Limitations of our study can stem from the source datasets. For example, autism datasets such as Sfari tend to contain data from clinical populations, and thus they could exclude individuals with mild levels of autism. Therefore, our models could also be biased towards severe autism levels. Another potential source for bias is the under-representation of certain groups such as minority groups from the datasets. This could affect the classification accuracy of models when it comes to those populations. The benefits of our approach include the ability for early identification and intervention. In the case of autism, such early interventions can improve therapy outcomes. Research has shown that involving pediatricians as initial diagnosticians in multidisciplinary evaluations for young children with ASD [
51]. The biomarkers identified by our method could be used alongside other behavioral and brain imaging techniques as a comprehensive early diagnosis workflow.
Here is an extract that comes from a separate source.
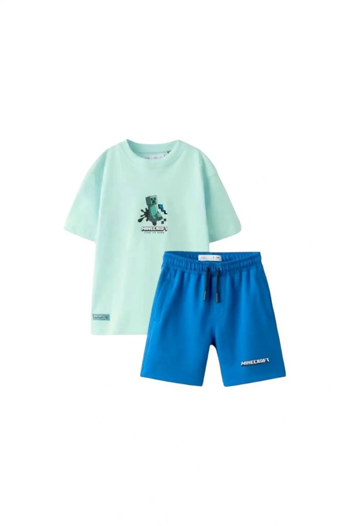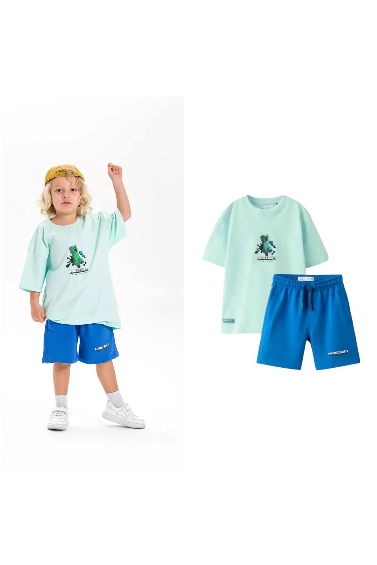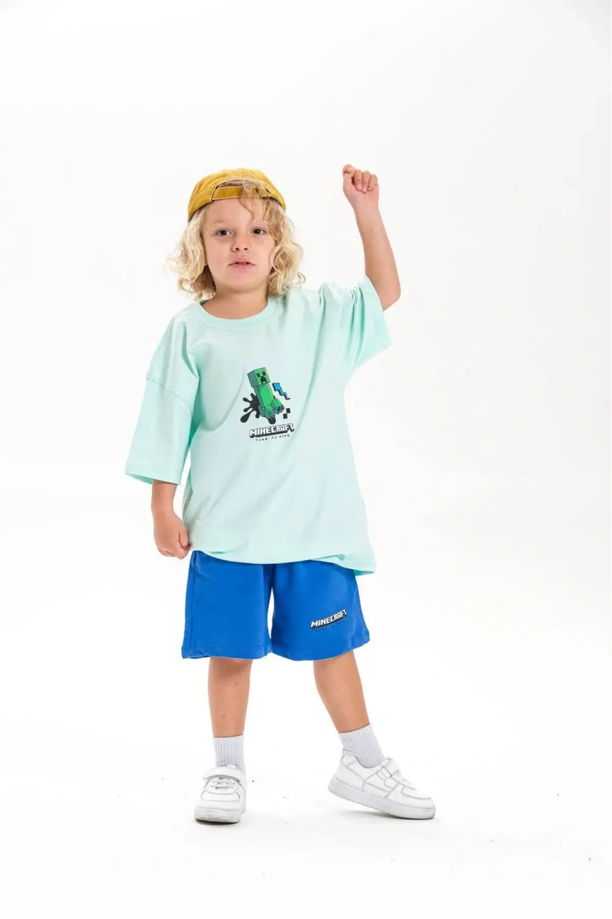 Erkek Çocuk Minecraft Baskılı %100 Pamuk Yazlık Takım

Since our method has good explainability through predictive features and t-SNE visualizations, it gives confidence to doctors and patients when used in a diagnostic setting.
Our method also holds promise for targeted therapeutic interventions for individuals with autism. Precision medicine approaches can be developed to target underlying genetic mechanisms contributing to ASD. This may include pharmacological interventions aimed at modulating neurotransmitter systems or gene therapy strategies to correct genetic abnormalities.